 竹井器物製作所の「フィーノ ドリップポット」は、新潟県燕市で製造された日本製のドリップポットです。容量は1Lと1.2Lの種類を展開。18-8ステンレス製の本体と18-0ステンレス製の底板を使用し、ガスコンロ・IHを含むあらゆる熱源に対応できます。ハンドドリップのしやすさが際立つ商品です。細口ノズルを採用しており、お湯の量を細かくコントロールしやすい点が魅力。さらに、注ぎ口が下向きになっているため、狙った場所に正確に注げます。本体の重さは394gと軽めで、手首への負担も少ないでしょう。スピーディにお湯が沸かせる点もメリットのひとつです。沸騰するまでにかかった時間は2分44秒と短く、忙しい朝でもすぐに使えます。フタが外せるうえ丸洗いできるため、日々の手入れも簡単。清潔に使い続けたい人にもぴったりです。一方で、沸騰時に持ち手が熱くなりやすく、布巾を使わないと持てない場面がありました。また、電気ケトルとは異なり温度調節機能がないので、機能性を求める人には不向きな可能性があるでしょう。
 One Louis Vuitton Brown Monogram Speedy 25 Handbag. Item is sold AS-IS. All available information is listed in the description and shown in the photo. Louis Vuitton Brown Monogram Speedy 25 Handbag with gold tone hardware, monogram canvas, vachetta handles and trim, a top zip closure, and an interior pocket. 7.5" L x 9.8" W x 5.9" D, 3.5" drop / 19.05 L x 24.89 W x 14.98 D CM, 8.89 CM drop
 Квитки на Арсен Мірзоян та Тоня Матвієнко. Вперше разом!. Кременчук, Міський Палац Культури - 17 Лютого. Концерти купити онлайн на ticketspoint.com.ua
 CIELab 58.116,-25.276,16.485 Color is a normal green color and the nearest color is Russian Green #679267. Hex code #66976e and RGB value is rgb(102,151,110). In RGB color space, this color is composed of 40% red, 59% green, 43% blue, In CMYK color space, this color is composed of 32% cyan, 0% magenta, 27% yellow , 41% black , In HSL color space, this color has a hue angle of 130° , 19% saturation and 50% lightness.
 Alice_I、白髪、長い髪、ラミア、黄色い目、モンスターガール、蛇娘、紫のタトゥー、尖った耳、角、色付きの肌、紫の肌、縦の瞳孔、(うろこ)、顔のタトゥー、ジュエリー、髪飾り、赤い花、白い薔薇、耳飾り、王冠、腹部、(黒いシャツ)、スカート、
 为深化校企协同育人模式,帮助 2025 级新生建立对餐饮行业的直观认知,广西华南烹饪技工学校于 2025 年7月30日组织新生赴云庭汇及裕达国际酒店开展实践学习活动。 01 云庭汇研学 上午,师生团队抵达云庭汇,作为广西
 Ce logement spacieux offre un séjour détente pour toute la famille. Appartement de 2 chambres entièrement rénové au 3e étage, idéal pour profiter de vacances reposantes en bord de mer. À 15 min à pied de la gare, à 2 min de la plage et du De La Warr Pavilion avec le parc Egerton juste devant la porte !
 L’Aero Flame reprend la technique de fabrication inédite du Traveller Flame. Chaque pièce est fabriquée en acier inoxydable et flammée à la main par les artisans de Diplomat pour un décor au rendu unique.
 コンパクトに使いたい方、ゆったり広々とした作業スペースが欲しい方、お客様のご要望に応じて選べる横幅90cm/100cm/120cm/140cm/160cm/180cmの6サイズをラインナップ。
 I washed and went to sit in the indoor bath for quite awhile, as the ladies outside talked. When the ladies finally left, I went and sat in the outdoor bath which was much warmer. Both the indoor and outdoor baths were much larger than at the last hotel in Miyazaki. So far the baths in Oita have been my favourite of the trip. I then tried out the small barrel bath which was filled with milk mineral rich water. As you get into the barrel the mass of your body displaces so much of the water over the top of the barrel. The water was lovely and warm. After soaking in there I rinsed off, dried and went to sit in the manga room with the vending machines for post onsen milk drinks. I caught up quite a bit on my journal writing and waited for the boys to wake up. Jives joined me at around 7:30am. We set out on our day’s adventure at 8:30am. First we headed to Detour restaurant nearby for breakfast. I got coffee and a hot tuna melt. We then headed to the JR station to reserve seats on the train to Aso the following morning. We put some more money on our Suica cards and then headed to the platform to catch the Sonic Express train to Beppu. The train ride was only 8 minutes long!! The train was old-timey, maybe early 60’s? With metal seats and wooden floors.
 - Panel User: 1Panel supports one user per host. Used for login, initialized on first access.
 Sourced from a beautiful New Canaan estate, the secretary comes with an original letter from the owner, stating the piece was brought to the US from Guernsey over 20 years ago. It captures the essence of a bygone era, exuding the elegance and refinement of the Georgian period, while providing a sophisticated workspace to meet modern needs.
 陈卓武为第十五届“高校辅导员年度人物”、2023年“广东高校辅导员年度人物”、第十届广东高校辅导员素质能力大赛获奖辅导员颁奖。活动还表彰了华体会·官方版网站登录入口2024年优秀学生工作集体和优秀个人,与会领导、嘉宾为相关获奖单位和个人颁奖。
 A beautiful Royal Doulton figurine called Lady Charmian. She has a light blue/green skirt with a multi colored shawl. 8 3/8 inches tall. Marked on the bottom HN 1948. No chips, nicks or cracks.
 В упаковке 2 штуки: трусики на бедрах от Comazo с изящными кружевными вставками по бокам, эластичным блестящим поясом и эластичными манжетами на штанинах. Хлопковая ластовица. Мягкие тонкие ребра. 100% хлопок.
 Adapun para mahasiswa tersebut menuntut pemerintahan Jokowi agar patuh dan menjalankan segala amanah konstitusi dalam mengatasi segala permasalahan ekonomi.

######

Each record above needs to be given again exactly as written.

■ Answer section ■
 竹井器物製作所の「フィーノ ドリップポット」は、新潟県燕市で製造された日本製のドリップポットです。容量は1Lと1.2Lの種類を展開。18-8ステンレス製の本体と18-0ステンレス製の底板を使用し、ガスコンロ・IHを含むあらゆる熱源に対応できます。ハンドドリップのしやすさが際立つ商品です。細口ノズルを採用しており、お湯の量を細かくコントロールしやすい点が魅力。さらに、注ぎ口が下向きになっているため、狙った場所に正確に注げます。本体の重さは394gと軽めで、手首への負担も少ないでしょう。スピーディにお湯が沸かせる点もメリットのひとつです。沸騰するまでにかかった時間は2分44秒と短く、忙しい朝でもすぐに使えます。フタが外せるうえ丸洗いできるため、日々の手入れも簡単。清潔に使い続けたい人にもぴったりです。一方で、沸騰時に持ち手が熱くなりやすく、布巾を使わないと持てない場面がありました。また、電気ケトルとは異なり温度調節機能がないので、機能性を求める人には不向きな可能性があるでしょう。
 One Louis Vuitton Brown Monogram Speedy 25 Handbag. Item is sold AS-IS. All available information is listed in the description and shown in the photo. Louis Vuitton Brown Monogram Speedy 25 Handbag with gold tone hardware, monogram canvas, vachetta handles and trim, a top zip closure, and an interior pocket. 7.5" L x 9.8" W x 5.9" D, 3.5" drop / 19.05 L x 24.89 W x 14.98 D CM, 8.89 CM drop
 Квитки на Арсен Мірзоян та Тоня Матвієнко. Вперше разом!. Кременчук, Міський Палац Культури - 17 Лютого. Концерти купити онлайн на ticketspoint.com.ua
 CIELab 58.116,-25.276,16.485 Color is a normal green color and the nearest color is Russian Green #679267. Hex code #66976e and RGB value is rgb(102,151,110). In RGB color space, this color is composed of 40% red, 59% green, 43% blue, In CMYK color space, this color is composed of 32% cyan, 0% magenta, 27% yellow , 41% black , In HSL color space, this color has a hue angle of 130° , 19% saturation and 50% lightness.
 Alice_I、白髪、長い髪、ラミア、黄色い目、モンスターガール、蛇娘、紫のタトゥー、尖った耳、角、色付きの肌、紫の肌、縦の瞳孔、(うろこ)、顔のタトゥー、ジュエリー、髪飾り、赤い花、白い薔薇、耳飾り、王冠、腹部、(黒いシャツ)、スカート、
 为深化校企协同育人模式,帮助 2025 级新生建立对餐饮行业的直观认知,广西华南烹饪技工学校于 2025 年7月30日组织新生赴云庭汇及裕达国际酒店开展实践学习活动。 01 云庭汇研学 上午,师生团队抵达云庭汇,作为广西
 Ce logement spacieux offre un séjour détente pour toute la famille. Appartement de 2 chambres entièrement rénové au 3e étage, idéal pour profiter de vacances reposantes en bord de mer. À 15 min à pied de la gare, à 2 min de la plage et du De La Warr Pavilion avec le parc Egerton juste devant la porte !
 L’Aero Flame reprend la technique de fabrication inédite du Traveller Flame. Chaque pièce est fabriquée en acier inoxydable et flammée à la main par les artisans de Diplomat pour un décor au rendu unique.
 コンパクトに使いたい方、ゆったり広々とした作業スペースが欲しい方、お客様のご要望に応じて選べる横幅90cm/100cm/120cm/140cm/160cm/180cmの6サイズをラインナップ。
 I washed and went to sit in the indoor bath for quite awhile, as the ladies outside talked. When the ladies finally left, I went and sat in the outdoor bath which was much warmer. Both the indoor and outdoor baths were much larger than at the last hotel in Miyazaki. So far the baths in Oita have been my favourite of the trip. I then tried out the small barrel bath which was filled with milk mineral rich water. As you get into the barrel the mass of your body displaces so much of the water over the top of the barrel. The water was lovely and warm. After soaking in there I rinsed off, dried and went to sit in the manga room with the vending machines for post onsen milk drinks. I caught up quite a bit on my journal writing and waited for the boys to wake up. Jives joined me at around 7:30am. We set out on our day’s adventure at 8:30am. First we headed to Detour restaurant nearby for breakfast. I got coffee and a hot tuna melt. We then headed to the JR station to reserve seats on the train to Aso the following morning. We put some more money on our Suica cards and then headed to the platform to catch the Sonic Express train to Beppu. The train ride was only 8 minutes long!! The train was old-timey, maybe early 60’s? With metal seats and wooden floors.
 - Panel User: 1Panel supports one user per host. Used for login, initialized on first access.
 Sourced from a beautiful New Canaan estate, the secretary comes with an original letter from the owner, stating the piece was brought to the US from Guernsey over 20 years ago. It captures the essence of a bygone era, exuding the elegance and refinement of the Georgian period, while providing a sophisticated workspace to meet modern needs.
 陈卓武为第十五届“高校辅导员年度人物”、2023年“广东高校辅导员年度人物”、第十届广东高校辅导员素质能力大赛获奖辅导员颁奖。活动还表彰了华体会·官方版网站登录入口2024年优秀学生工作集体和优秀个人,与会领导、嘉宾为相关获奖单位和个人颁奖。
 A beautiful Royal Doulton figurine called Lady Charmian. She has a light blue/green skirt with a multi colored shawl. 8 3/8 inches tall. Marked on the bottom HN 1948. No chips, nicks or cracks.
 В упаковке 2 штуки: трусики на бедрах от Comazo с изящными кружевными вставками по бокам, эластичным блестящим поясом и эластичными манжетами на штанинах. Хлопковая ластовица. Мягкие тонкие ребра. 100% хлопок.
 Adapun para mahasiswa tersebut menuntut pemerintahan Jokowi agar patuh dan menjalankan segala amanah konstitusi dalam mengatasi segala permasalahan ekonomi.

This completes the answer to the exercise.